### WHAT YOU SHOULD DO:
Copy out all of the lines below exactly; the pictures do not belong in the copy.

◇ ◇ ◇

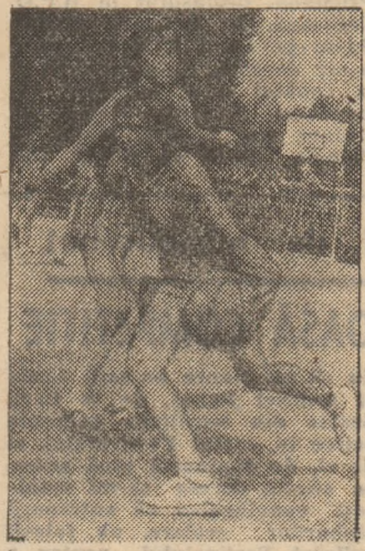
Patrundere impetuoasă, dribling cu mîna stîngă, lată o spectaculoasă acțiune intraprinșă de una din participantele la Festival
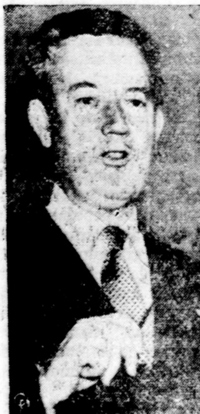
Senatorius John Sparkman, demokratų kandidatas viceprezidento vietai, parodė savo pajamas už 8 metus. Jos siekė $89,497 ir už jas jis sumokėjo $18,411 taksu. Zadedėjo parodyti pajamas ir gen. Eisenhower.
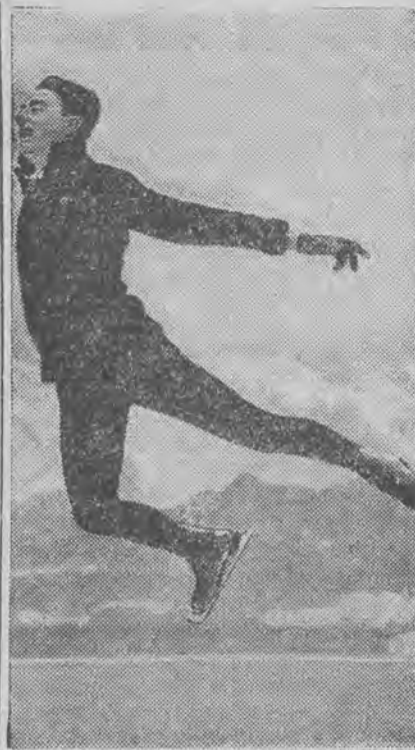
mistrz Europy w jeździe na łyżwach
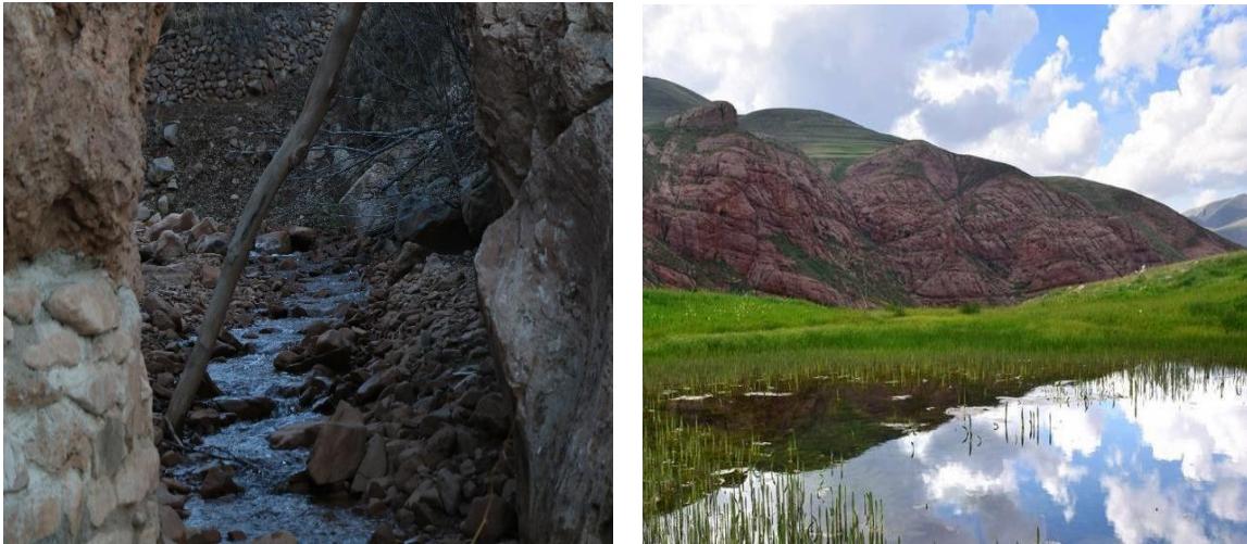
شکل ۸ چشمه‌های زَنوزق

چشمه های زَنوزق: اسم اصلی روستا زَنوز داغ بوده است که در زبان عامیانه به زَنوزق تبدیل شده است. زَنوز داغ یعنی زَنوزی که در پای کوه قرار دارد. خود کلمه زَنوز هم از دو کلمه زُن و اوز به معنی چشمه‌ها تشکیل شده است. در واقع معنی لغت به لغت این روستا می‌شود: شهر چشمه‌ها در پای کوه. یکی از مهم‌ترین چشمه‌های این روستا چشمه کلیستر، منبع تامین آب کشاورزی روستا است. اطراف این چشمه بعنوان منطقه ژئوتوریستی معرفی میگردد که بدنبال جذب گردشگر و توانمندی این روستا به حساب می‌آید. شکل (۸)
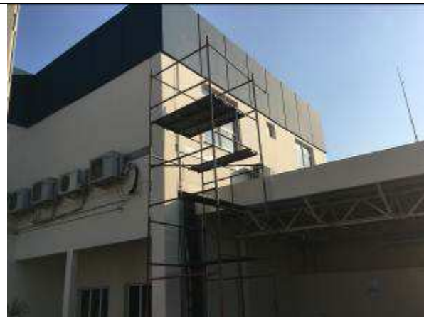
Figura 39C - pintura fachada fundos
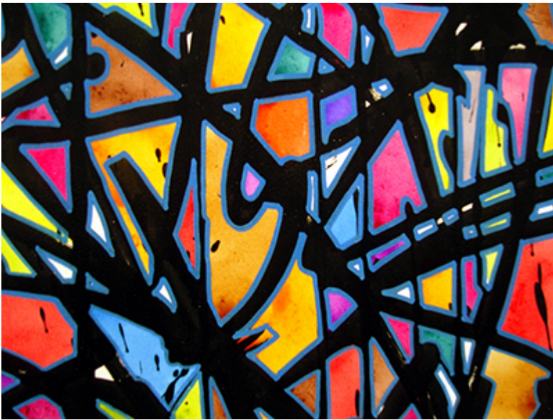
JonOne. Et udsnit af Graffitigalleriets udstilling i 2009.
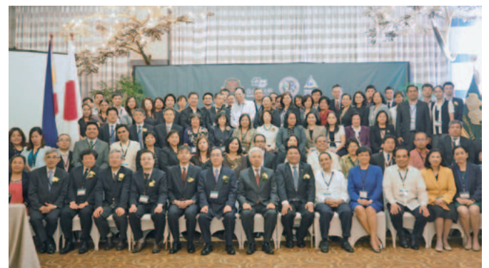
2016年3月 フィリピンサテライトキャンパス入学式

海外にいらっしゃる名古屋大学の同窓生の皆さん、皆さんの教育研究活動は大学を卒業して終わったわけではありません。国際開発、法整備支援研究、サテライトキャンパス学院博士課程教育等名古屋大学と共に学び、活動する機会はたくさんあります。積極的に参加ください。
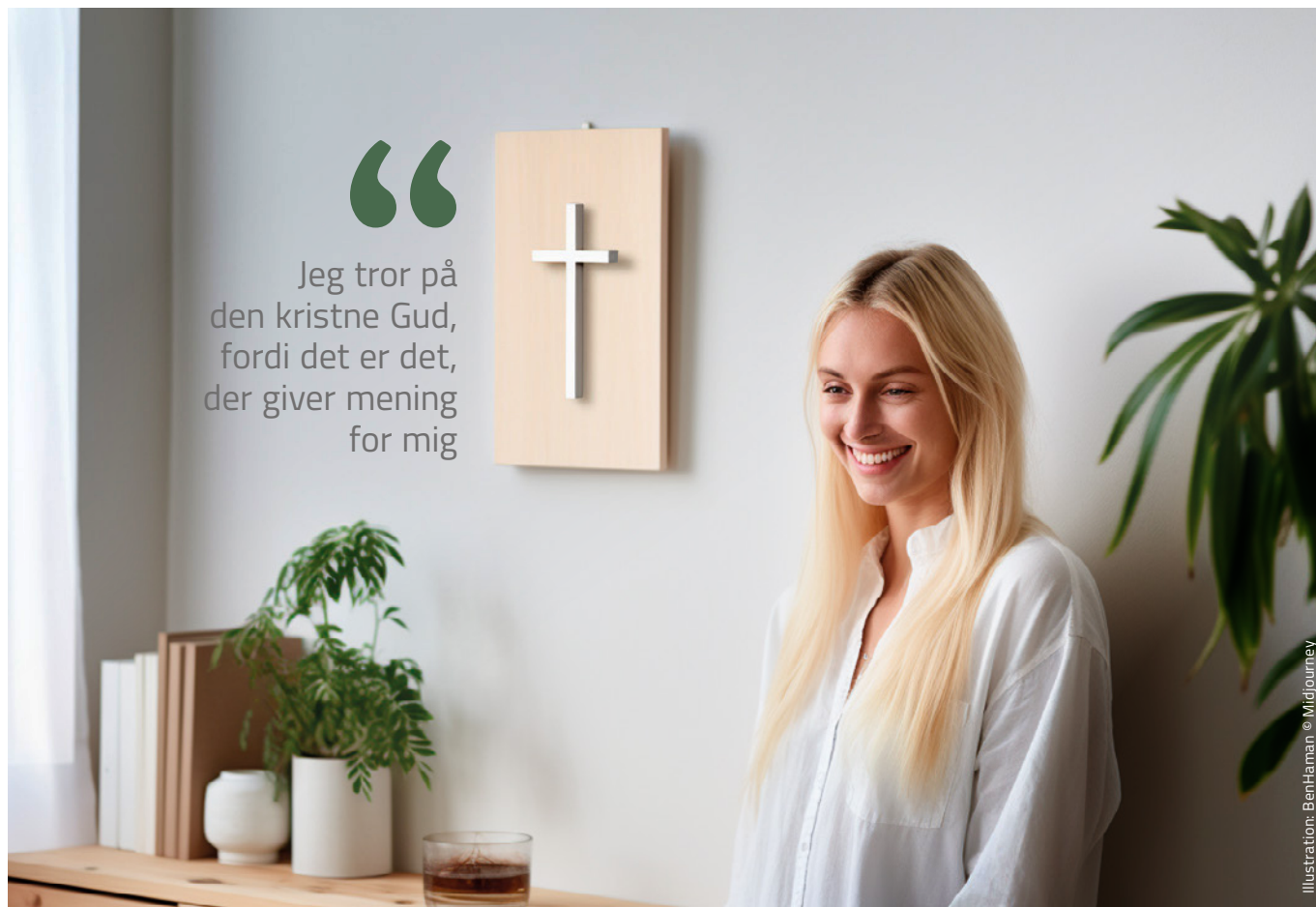
Illustration: BenHaman © Midjourney

Jeg må gerne drikke alkohol, jeg må gerne gå i byen, jeg må gerne være sammen med andre mennesker, der ikke har samme tro og overbevisning som jeg selv.
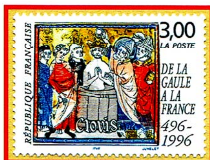
S. Remigio di Reims (battezza Clodoveo)

Già intorno alla metà dell'anno 300 tramite vescovi celebri tra cui Massimino e Paolino di Treviri, Remigio di Reims, San Servizio, le popolazioni locali
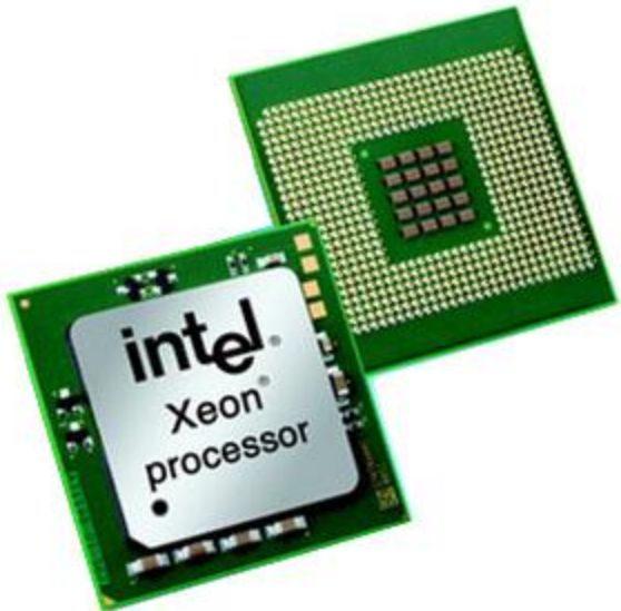
Рис.3 Intel Original LGA1366 Xeon E5502 (1.86 / 4.8GT / sec / 4M)
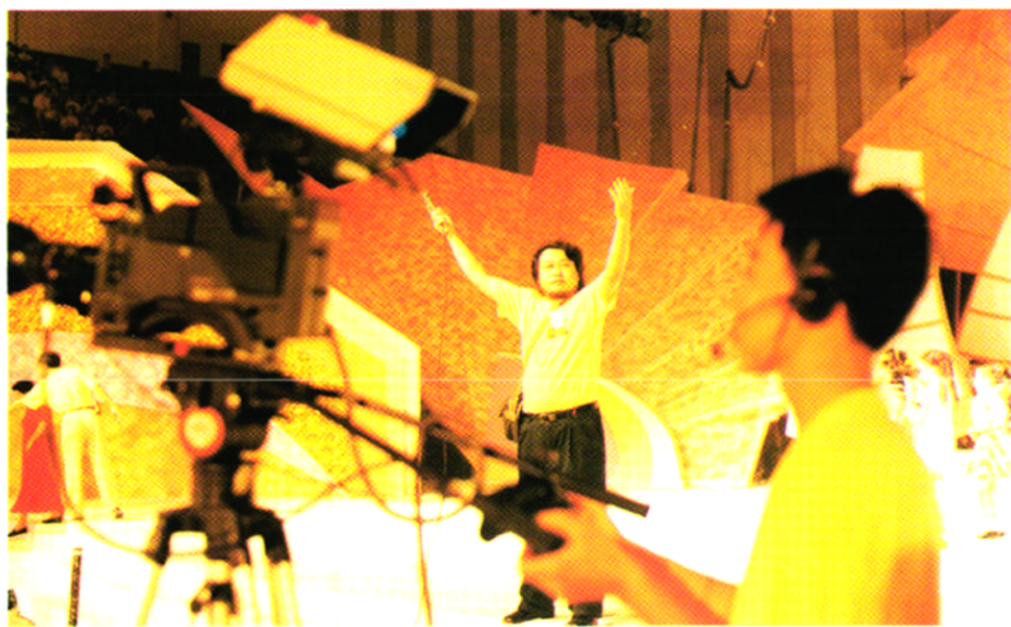
导演在大型晚会现场指挥。

◇ ◇ ◇

### TASK ANSWER:
Patrundere impetuoasă, dribling cu mîna stîngă, lată o spectaculoasă acțiune intraprinșă de una din participantele la Festival
Senatorius John Sparkman, demokratų kandidatas viceprezidento vietai, parodė savo pajamas už 8 metus. Jos siekė $89,497 ir už jas jis sumokėjo $18,411 taksu. Zadedėjo parodyti pajamas ir gen. Eisenhower.
mistrz Europy w jeździe na łyżwach
شکل ۸ چشمه‌های زَنوزق

چشمه های زَنوزق: اسم اصلی روستا زَنوز داغ بوده است که در زبان عامیانه به زَنوزق تبدیل شده است. زَنوز داغ یعنی زَنوزی که در پای کوه قرار دارد. خود کلمه زَنوز هم از دو کلمه زُن و اوز به معنی چشمه‌ها تشکیل شده است. در واقع معنی لغت به لغت این روستا می‌شود: شهر چشمه‌ها در پای کوه. یکی از مهم‌ترین چشمه‌های این روستا چشمه کلیستر، منبع تامین آب کشاورزی روستا است. اطراف این چشمه بعنوان منطقه ژئوتوریستی معرفی میگردد که بدنبال جذب گردشگر و توانمندی این روستا به حساب می‌آید. شکل (۸)
Figura 39C - pintura fachada fundos
JonOne. Et udsnit af Graffitigalleriets udstilling i 2009.
2016年3月 フィリピンサテライトキャンパス入学式

海外にいらっしゃる名古屋大学の同窓生の皆さん、皆さんの教育研究活動は大学を卒業して終わったわけではありません。国際開発、法整備支援研究、サテライトキャンパス学院博士課程教育等名古屋大学と共に学び、活動する機会はたくさんあります。積極的に参加ください。
Illustration: BenHaman © Midjourney

Jeg må gerne drikke alkohol, jeg må gerne gå i byen, jeg må gerne være sammen med andre mennesker, der ikke har samme tro og overbevisning som jeg selv.
S. Remigio di Reims (battezza Clodoveo)

Già intorno alla metà dell'anno 300 tramite vescovi celebri tra cui Massimino e Paolino di Treviri, Remigio di Reims, San Servizio, le popolazioni locali
Рис.3 Intel Original LGA1366 Xeon E5502 (1.86 / 4.8GT / sec / 4M)
导演在大型晚会现场指挥。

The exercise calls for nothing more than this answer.